Given information:
╔══

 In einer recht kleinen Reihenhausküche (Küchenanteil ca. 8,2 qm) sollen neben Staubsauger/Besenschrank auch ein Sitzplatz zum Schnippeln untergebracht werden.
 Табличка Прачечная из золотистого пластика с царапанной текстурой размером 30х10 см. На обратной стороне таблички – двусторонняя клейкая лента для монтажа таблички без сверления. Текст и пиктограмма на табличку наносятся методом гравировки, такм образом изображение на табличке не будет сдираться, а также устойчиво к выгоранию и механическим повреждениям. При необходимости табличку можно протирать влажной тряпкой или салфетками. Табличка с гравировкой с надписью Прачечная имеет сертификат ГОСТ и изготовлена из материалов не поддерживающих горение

╚══
╔══

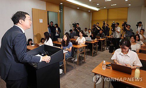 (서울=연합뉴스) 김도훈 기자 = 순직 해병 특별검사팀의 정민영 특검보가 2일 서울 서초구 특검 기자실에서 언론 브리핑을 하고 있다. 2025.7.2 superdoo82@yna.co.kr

╚══

Brief: Copy out, exactly and alone, the lines of the entries above between the ones holding "In einer recht" and "Табличка Прачечная из", inclusive.

Result of this task:
 In einer recht kleinen Reihenhausküche (Küchenanteil ca. 8,2 qm) sollen neben Staubsauger/Besenschrank auch ein Sitzplatz zum Schnippeln untergebracht werden.
 Табличка Прачечная из золотистого пластика с царапанной текстурой размером 30х10 см. На обратной стороне таблички – двусторонняя клейкая лента для монтажа таблички без сверления. Текст и пиктограмма на табличку наносятся методом гравировки, такм образом изображение на табличке не будет сдираться, а также устойчиво к выгоранию и механическим повреждениям. При необходимости табличку можно протирать влажной тряпкой или салфетками. Табличка с гравировкой с надписью Прачечная имеет сертификат ГОСТ и изготовлена из материалов не поддерживающих горение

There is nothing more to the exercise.